How to complete this task
Retype the entries below word for word, leaving out every picture.

(Source data)
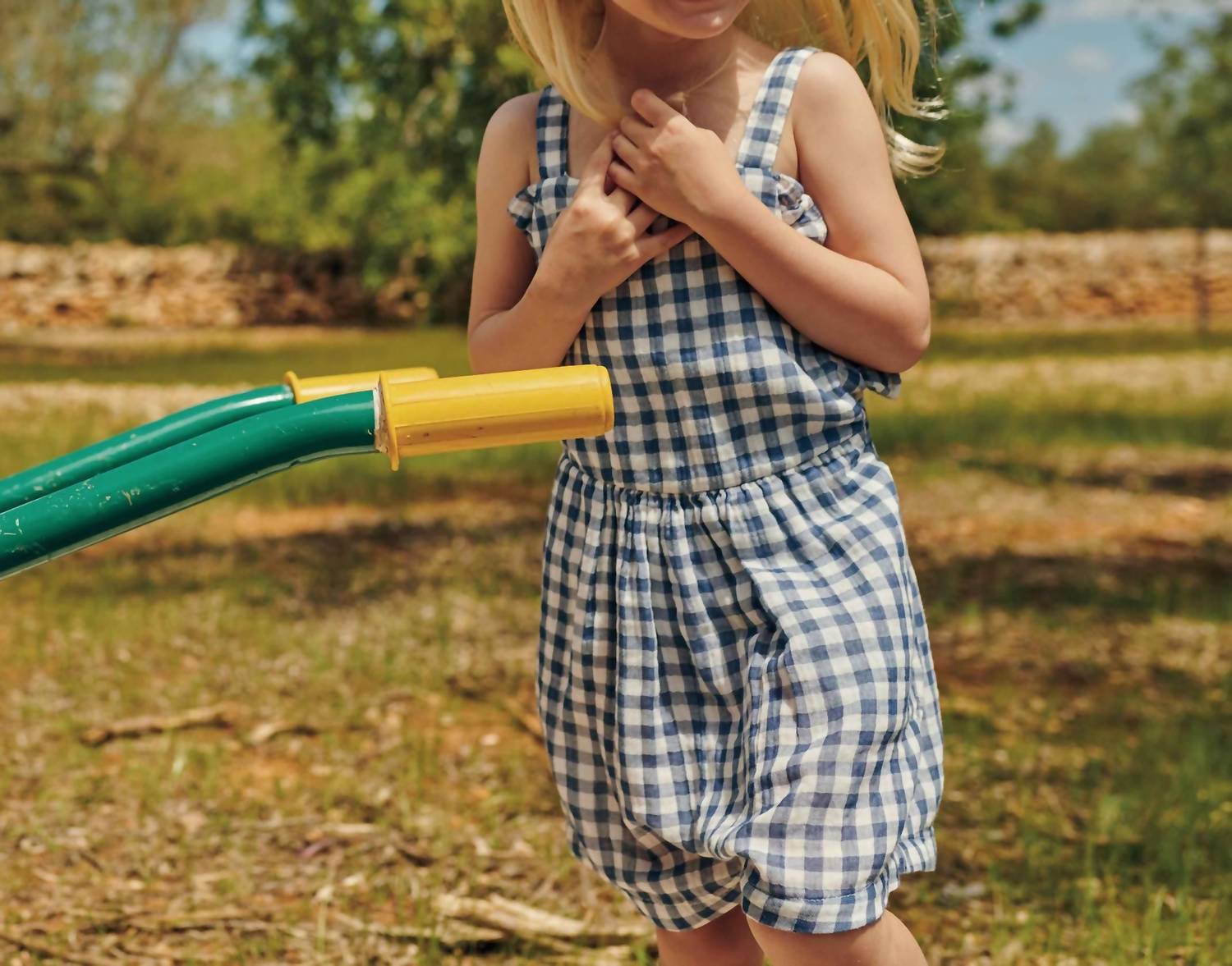 Introducing the Girl's Gingham Muslin Jumpsuit by Búho, a delightful piece in a bluestone hue made for summer adventures. Crafted from a cotton blend using French fabric, this short jumpsuit features charming ruffle details and comfortable straps with an elastic band on the back, ensuring a perfect fit. Proudly made in Morocco, it's designed with a pull-on closure for easy dressing. Perfect for back-to-school or Thanksgiving celebrations, this jumpsuit embodies a playful 90s fashion vibe that your child will adore.
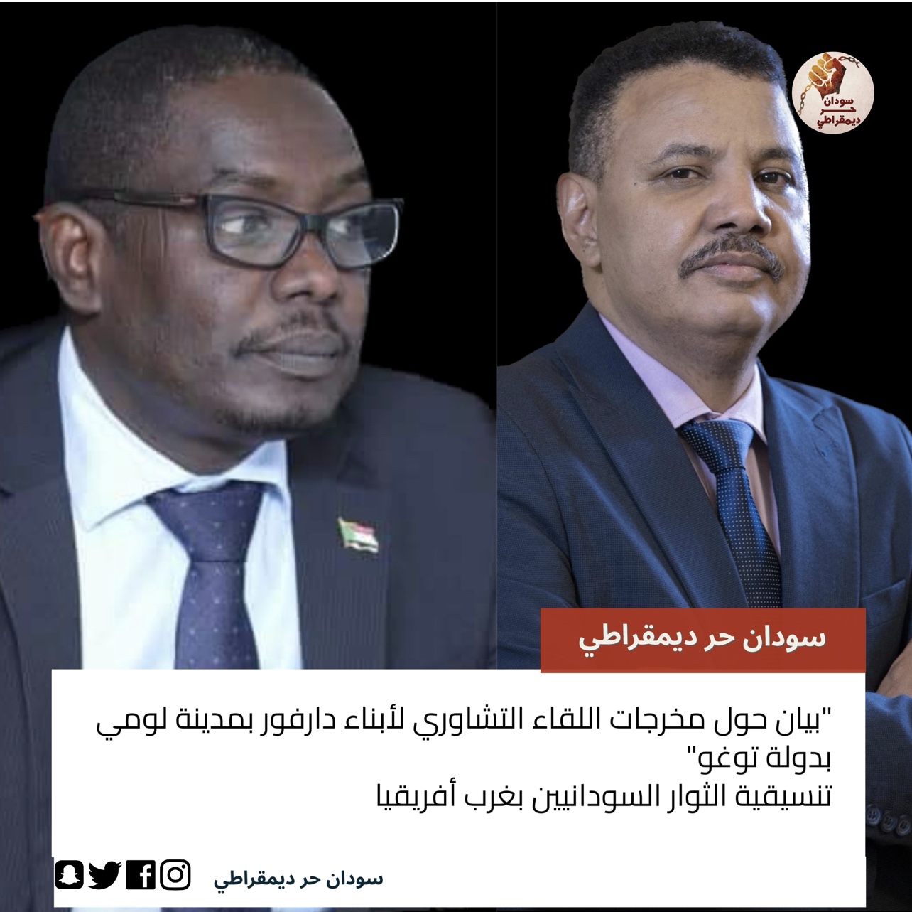 ● هذا اللقاء التشاوري لا ولن يمثل ابناء دارفور ومن شاركوا فيه إنما يمثلون أنفسهم وخدمة مصالحهم الشخصية وسوف لن نصمت جراء تلك الفظائع التي حدثت لأهلنا وبالتالي سنلاحقهم بالجهات العدلية قريبا حتى نقتص منهم للمجنى عليهم.
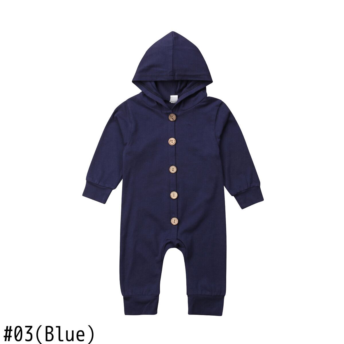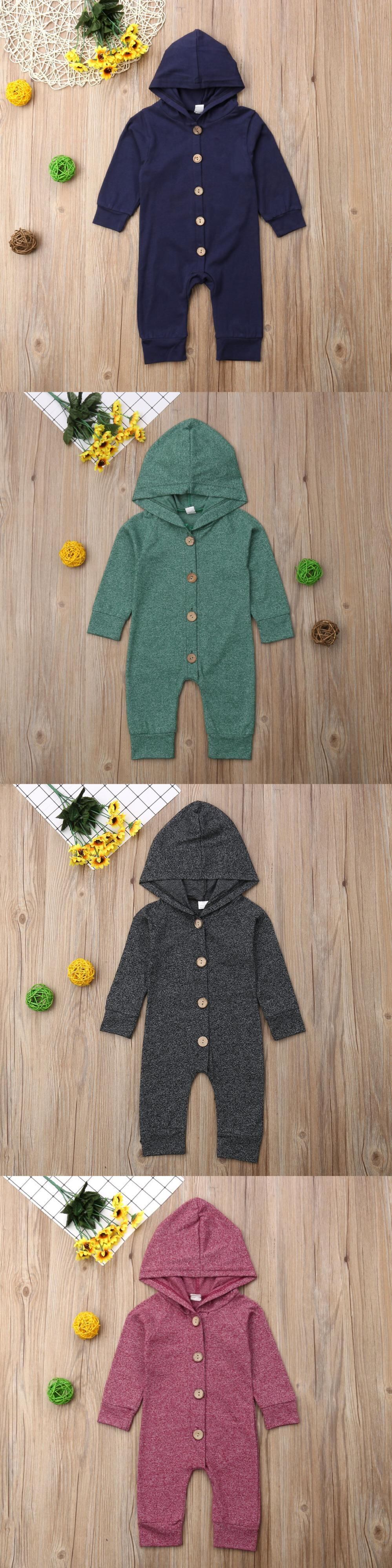 新作 秋冬ベビーキッズボーイズガールズ幼児ソリッド長袖フード付きロンパースジャンプスーツ服装0-24M
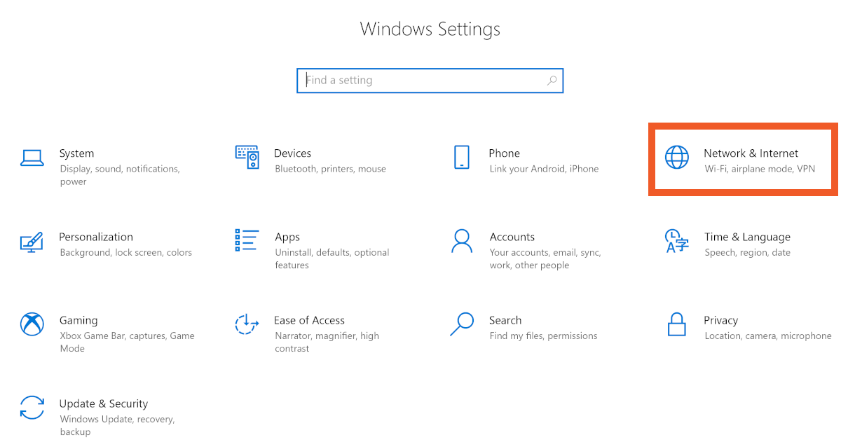 Changing the DNS settings for a Windows device is easy. Go to your Start menu > Settings > Network & Internet.
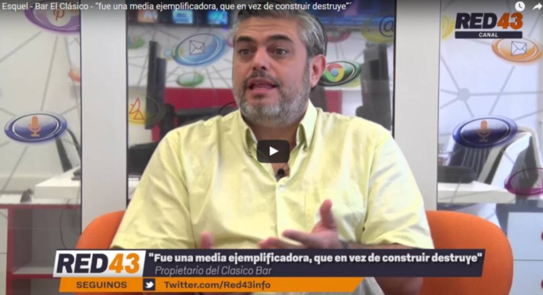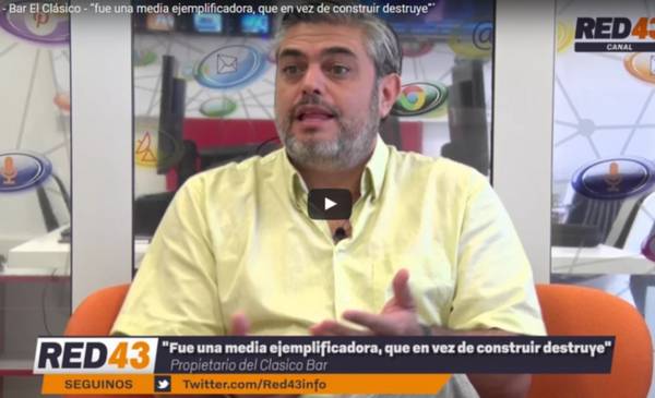 El pasado domingo por la tarde clausuraron el Bar “El Clásico” ante la denuncia de algunos vecinos por ruidos molestos. Sin embargo, según comenta Marcelo Guzmán, propietario del lugar, comenta a Red43 que “fue una medida ejemplificadora y extrema, que en lugar de construír, destruye”. Estas medidas “te quitan las ganas de invertir y de apostar” afirma Guzmán; no te pierdas el video en Red43 Canal Online.
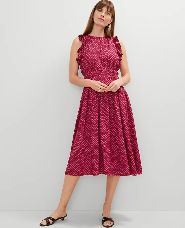 Ann Taylor Petite Ruffle Collar Maxi Flare Dress Size 0 Moroccan Red Women's
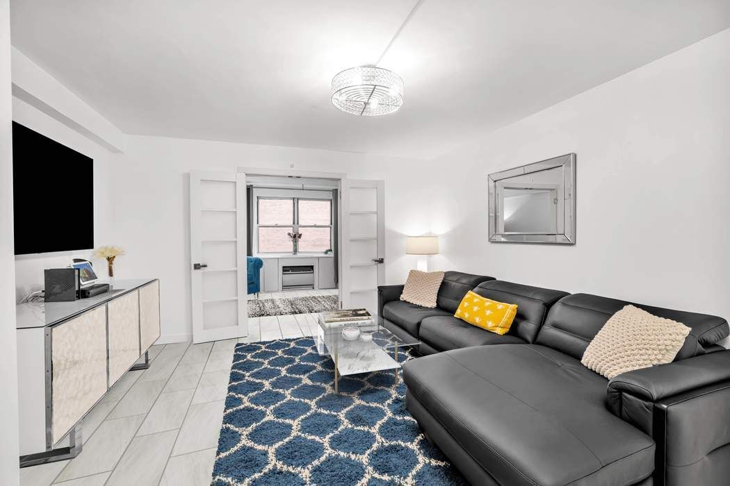 The immense, 30-foot-long living room provides fantastic flexibility, allowing it to be arranged as two distinct spaces - for dining, a home office, or even a second bedroom. Beyond the beautifully renovated kitchen, a large pantry closet provides abundant storage. Down a short hall past the renovated bathroom, the quiet bedroom offers a peaceful retreat. The bedroom is well-appointed with custom overhead storage and a walk-in closet and is flanked by three additional closets in the hall.
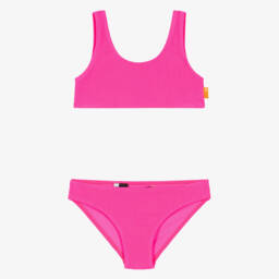 Neon pink bikini for girls by Molo, made in a soft and stretchy crinkle-textured fabric, with UPF50+. A stylish choice for the beach or pool, this comfortable two-piece features a scooped neckline and a soft lining.
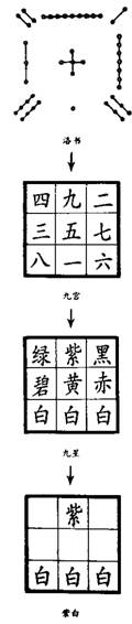 图1 九宫紫百图摘自王仲奋《浙江东阳民居》 论爻象 正殿居中央(按:当指九州清晏),以建皇极八方拱向。正北立自鸣钟楼,楼高三丈(按:从此楼位置与高度看当指「鱼跃鸢飞」楼),以应一白水星;西北乾地建佛楼,以应六白金星;东北艮方台榭楼阁系天市垣,以应八白土星,此三白之居北方也。正南九紫建立宫门,取向明出之意。第一层大宫门系延年金星(按:指圆明园大宫门),玉石桥北二宫门系六煞水星(按:指出入贤良门),大殿系贪狼吉星(按:指正大光明殿),以理事殿任何佐之(按:指勤政勤贤殿),木火相生,此九紫之居正南也。西南坤位房虽多,不宜高,以应土星(按:指「山高水长」南十三所或藻园);东南巽地乃文章之府(按;指皇子们居住、读书的洞天深处和如意馆),建立高楼以应太微,此二黑四绿分列九紫之左右也。正东震方田畴稻畦,且东接大海汪洋以润之,以应青阳发生之气,辛方树灯杆,巽纳辛以应天乙、太乙,庚方建平台,土来生金,此七赤三碧之所以得位也。 八卦以河图为体,取用则从洛书,戴九履一,左三右七,二四为肩,六八为足,皇极居中,八方朝供,《洪范》九范,实出乎此,此园内爻象具按九宫布列,岂敢妄议增减。” 此段文字载于中国第一历史档案馆编《清代档案史料—圆明园》一书中。其中年代、人物具经考证。它所依据的是“古代堪舆家(即风水先生)中的九星术派,依照洛书九宫的数理,以七种颜色和九颗星名(即贪狼、巨门、禄存、文曲、廉贞、武曲、破军等北斗七星和左扑辅、右弼两星)配合成一白、二黑、三碧、四绿、五黄、六白、七赤、八白、九紫。其中一白、六白、八白九紫对应的四颗星为吉星,其余五颗星均为凶星。”(摘自王仲奋《浙江东阳民居》) 张钟子在此段描述中提到了圆明园的东、西、南、北、中及四角的建筑。应该说正南、正北两处表述得十分清楚。尤其正南面宫殿一区张钟子说得尤为详尽。这一景区通常认为雍正三年后所建。而以张钟子的表述来看,此一区分明在雍正二年前已经存在。由此看来,雍正三年扩建的应是大宫门外的“分列朝属,俾侍值诸臣有视事之所”而不应包括宫殿一区。因为,此《启》已经提到了正南九紫的系延年金星大宫门,玉石桥和六煞水星二宫门出入贤良门,以及系贪狼吉星的正大光明大殿,佐之以理事的勤政亲贤殿。此九紫之居正南也。所以,此一区早在康熙朝时已经存在。 “东北艮方台榭楼阁系天市垣”应当是方壶胜境一区,「方壶胜境」为乾隆年间改建,此前在福海东北面一带有“海色初霞”[9]一景区,此后则再无记载。至于“天市垣”一词的含义,康熙帝曾有过一番考究,他说:“古人以天市垣为中国分野,朕始疑其说,细玩天球,合以地图,中国去赤道二十度至四十度,在谷雨、立夏、小满三节气上,天市垣亦去赤道二十度,恰与中国对照,始知古人分野之说确有所据,此又书之可信而不可信者也。”[10] 从论山水来看,这段关于山水的描述完全符合现存山形水系以及《日下旧闻考》所载“圆明园之水发源玉泉山,由西马厂入进水闸。支流派衍,至园内日天琳宇、柳浪闻莺处之响水口,水势遂分,西北高而东南低……[11]”。至于“会诸水东注大海”的大海指的就是福海。 关于圆明园的山形水系据法国人王致诚亲眼所见:园内“以人工垒石成小山,有高二丈至五六丈者,联贯而成无数小山谷。谷之底处清水注之,以小涧引注它处。小者为池,大者为海”。[12]需要说明的是王致诚作为一个精通建筑设计的画家、教士,他的尺寸感是非常准的,他说山有五六丈高(也有译成五六十法尺)应该是可信的。将它与雍正二年张钟子等实地查看到的“园内山起于西北,高卑大小,曲折婉转,俱趣东南巽地”相对照则得出,如此巧妙而浩大的工程——圆明园的山形水系至雍正二年之前业已完成。而之所以说是“浩大的工程”,是因为这一带本是无山的湿地,故有“海淀”之称。而它巨大多姿的“虽由人作,宛自天开”的山峦完全是由人工堆筑而成[13]。 以上通过张钟子等的实地勘舆的记录,再现了雍正二年以前圆明园的实际情况。虽然,此后圆明园历经增扩建,但此时圆明三园中的圆明园的山形水系与大部分的园林景观已经完成。而如果此时山形水系与园林景观已经形成,那么它绝不是在雍正元年至雍正二年间完成的,而是在康熙六十一年前就完成了。因为,圆明园作为清朝最大的人工山水园林,其工程量之巨大,绝非一两年所能完成的了。此外,就建筑景区布局设计来看,早期的圆明园即是遵循“爻象具按九宫布列”的风水理论而设计,气象之大早已有之。 (二)康熙六十一年前圆明园的规模 然而,同样以此为据,还有一种观点认为这是圆明园开始扩建前的规划。如果说可能因为张钟子等查看圆明园风水启对雍正二年之前的情形描述的过于笼统之故而难于定论的话,那么,我们认为收录于《雍正御制诗文集》卷二十六中的“雍邸集”之六的“园景十二咏”诗中的圆明园十二景的存在则毋庸置疑。因为,这是雍亲王雍邸园居时所写。那么这十二景的位置在哪?所涵盖的范围有多大? 1、关于“园景十二咏”所咏园景所在的探究 首先,此“园景十二咏”分别咏的是:深柳读书堂、竹子院、梧桐院、葡萄院、桃花坞、耕织轩、菜圃、牡丹台、金鱼池、壶中天、涧阁、莲花池。对于这十二园景据张恩荫先生的考证认为:“可以确知其中十

Task response
 Introducing the Girl's Gingham Muslin Jumpsuit by Búho, a delightful piece in a bluestone hue made for summer adventures. Crafted from a cotton blend using French fabric, this short jumpsuit features charming ruffle details and comfortable straps with an elastic band on the back, ensuring a perfect fit. Proudly made in Morocco, it's designed with a pull-on closure for easy dressing. Perfect for back-to-school or Thanksgiving celebrations, this jumpsuit embodies a playful 90s fashion vibe that your child will adore.
 ● هذا اللقاء التشاوري لا ولن يمثل ابناء دارفور ومن شاركوا فيه إنما يمثلون أنفسهم وخدمة مصالحهم الشخصية وسوف لن نصمت جراء تلك الفظائع التي حدثت لأهلنا وبالتالي سنلاحقهم بالجهات العدلية قريبا حتى نقتص منهم للمجنى عليهم.
 新作 秋冬ベビーキッズボーイズガールズ幼児ソリッド長袖フード付きロンパースジャンプスーツ服装0-24M
 Changing the DNS settings for a Windows device is easy. Go to your Start menu > Settings > Network & Internet.
 El pasado domingo por la tarde clausuraron el Bar “El Clásico” ante la denuncia de algunos vecinos por ruidos molestos. Sin embargo, según comenta Marcelo Guzmán, propietario del lugar, comenta a Red43 que “fue una medida ejemplificadora y extrema, que en lugar de construír, destruye”. Estas medidas “te quitan las ganas de invertir y de apostar” afirma Guzmán; no te pierdas el video en Red43 Canal Online.
 Ann Taylor Petite Ruffle Collar Maxi Flare Dress Size 0 Moroccan Red Women's
 The immense, 30-foot-long living room provides fantastic flexibility, allowing it to be arranged as two distinct spaces - for dining, a home office, or even a second bedroom. Beyond the beautifully renovated kitchen, a large pantry closet provides abundant storage. Down a short hall past the renovated bathroom, the quiet bedroom offers a peaceful retreat. The bedroom is well-appointed with custom overhead storage and a walk-in closet and is flanked by three additional closets in the hall.
 Neon pink bikini for girls by Molo, made in a soft and stretchy crinkle-textured fabric, with UPF50+. A stylish choice for the beach or pool, this comfortable two-piece features a scooped neckline and a soft lining.
 图1 九宫紫百图摘自王仲奋《浙江东阳民居》 论爻象 正殿居中央(按:当指九州清晏),以建皇极八方拱向。正北立自鸣钟楼,楼高三丈(按:从此楼位置与高度看当指「鱼跃鸢飞」楼),以应一白水星;西北乾地建佛楼,以应六白金星;东北艮方台榭楼阁系天市垣,以应八白土星,此三白之居北方也。正南九紫建立宫门,取向明出之意。第一层大宫门系延年金星(按:指圆明园大宫门),玉石桥北二宫门系六煞水星(按:指出入贤良门),大殿系贪狼吉星(按:指正大光明殿),以理事殿任何佐之(按:指勤政勤贤殿),木火相生,此九紫之居正南也。西南坤位房虽多,不宜高,以应土星(按:指「山高水长」南十三所或藻园);东南巽地乃文章之府(按;指皇子们居住、读书的洞天深处和如意馆),建立高楼以应太微,此二黑四绿分列九紫之左右也。正东震方田畴稻畦,且东接大海汪洋以润之,以应青阳发生之气,辛方树灯杆,巽纳辛以应天乙、太乙,庚方建平台,土来生金,此七赤三碧之所以得位也。 八卦以河图为体,取用则从洛书,戴九履一,左三右七,二四为肩,六八为足,皇极居中,八方朝供,《洪范》九范,实出乎此,此园内爻象具按九宫布列,岂敢妄议增减。” 此段文字载于中国第一历史档案馆编《清代档案史料—圆明园》一书中。其中年代、人物具经考证。它所依据的是“古代堪舆家(即风水先生)中的九星术派,依照洛书九宫的数理,以七种颜色和九颗星名(即贪狼、巨门、禄存、文曲、廉贞、武曲、破军等北斗七星和左扑辅、右弼两星)配合成一白、二黑、三碧、四绿、五黄、六白、七赤、八白、九紫。其中一白、六白、八白九紫对应的四颗星为吉星,其余五颗星均为凶星。”(摘自王仲奋《浙江东阳民居》) 张钟子在此段描述中提到了圆明园的东、西、南、北、中及四角的建筑。应该说正南、正北两处表述得十分清楚。尤其正南面宫殿一区张钟子说得尤为详尽。这一景区通常认为雍正三年后所建。而以张钟子的表述来看,此一区分明在雍正二年前已经存在。由此看来,雍正三年扩建的应是大宫门外的“分列朝属,俾侍值诸臣有视事之所”而不应包括宫殿一区。因为,此《启》已经提到了正南九紫的系延年金星大宫门,玉石桥和六煞水星二宫门出入贤良门,以及系贪狼吉星的正大光明大殿,佐之以理事的勤政亲贤殿。此九紫之居正南也。所以,此一区早在康熙朝时已经存在。 “东北艮方台榭楼阁系天市垣”应当是方壶胜境一区,「方壶胜境」为乾隆年间改建,此前在福海东北面一带有“海色初霞”[9]一景区,此后则再无记载。至于“天市垣”一词的含义,康熙帝曾有过一番考究,他说:“古人以天市垣为中国分野,朕始疑其说,细玩天球,合以地图,中国去赤道二十度至四十度,在谷雨、立夏、小满三节气上,天市垣亦去赤道二十度,恰与中国对照,始知古人分野之说确有所据,此又书之可信而不可信者也。”[10] 从论山水来看,这段关于山水的描述完全符合现存山形水系以及《日下旧闻考》所载“圆明园之水发源玉泉山,由西马厂入进水闸。支流派衍,至园内日天琳宇、柳浪闻莺处之响水口,水势遂分,西北高而东南低……[11]”。至于“会诸水东注大海”的大海指的就是福海。 关于圆明园的山形水系据法国人王致诚亲眼所见:园内“以人工垒石成小山,有高二丈至五六丈者,联贯而成无数小山谷。谷之底处清水注之,以小涧引注它处。小者为池,大者为海”。[12]需要说明的是王致诚作为一个精通建筑设计的画家、教士,他的尺寸感是非常准的,他说山有五六丈高(也有译成五六十法尺)应该是可信的。将它与雍正二年张钟子等实地查看到的“园内山起于西北,高卑大小,曲折婉转,俱趣东南巽地”相对照则得出,如此巧妙而浩大的工程——圆明园的山形水系至雍正二年之前业已完成。而之所以说是“浩大的工程”,是因为这一带本是无山的湿地,故有“海淀”之称。而它巨大多姿的“虽由人作,宛自天开”的山峦完全是由人工堆筑而成[13]。 以上通过张钟子等的实地勘舆的记录,再现了雍正二年以前圆明园的实际情况。虽然,此后圆明园历经增扩建,但此时圆明三园中的圆明园的山形水系与大部分的园林景观已经完成。而如果此时山形水系与园林景观已经形成,那么它绝不是在雍正元年至雍正二年间完成的,而是在康熙六十一年前就完成了。因为,圆明园作为清朝最大的人工山水园林,其工程量之巨大,绝非一两年所能完成的了。此外,就建筑景区布局设计来看,早期的圆明园即是遵循“爻象具按九宫布列”的风水理论而设计,气象之大早已有之。 (二)康熙六十一年前圆明园的规模 然而,同样以此为据,还有一种观点认为这是圆明园开始扩建前的规划。如果说可能因为张钟子等查看圆明园风水启对雍正二年之前的情形描述的过于笼统之故而难于定论的话,那么,我们认为收录于《雍正御制诗文集》卷二十六中的“雍邸集”之六的“园景十二咏”诗中的圆明园十二景的存在则毋庸置疑。因为,这是雍亲王雍邸园居时所写。那么这十二景的位置在哪?所涵盖的范围有多大? 1、关于“园景十二咏”所咏园景所在的探究 首先,此“园景十二咏”分别咏的是:深柳读书堂、竹子院、梧桐院、葡萄院、桃花坞、耕织轩、菜圃、牡丹台、金鱼池、壶中天、涧阁、莲花池。对于这十二园景据张恩荫先生的考证认为:“可以确知其中十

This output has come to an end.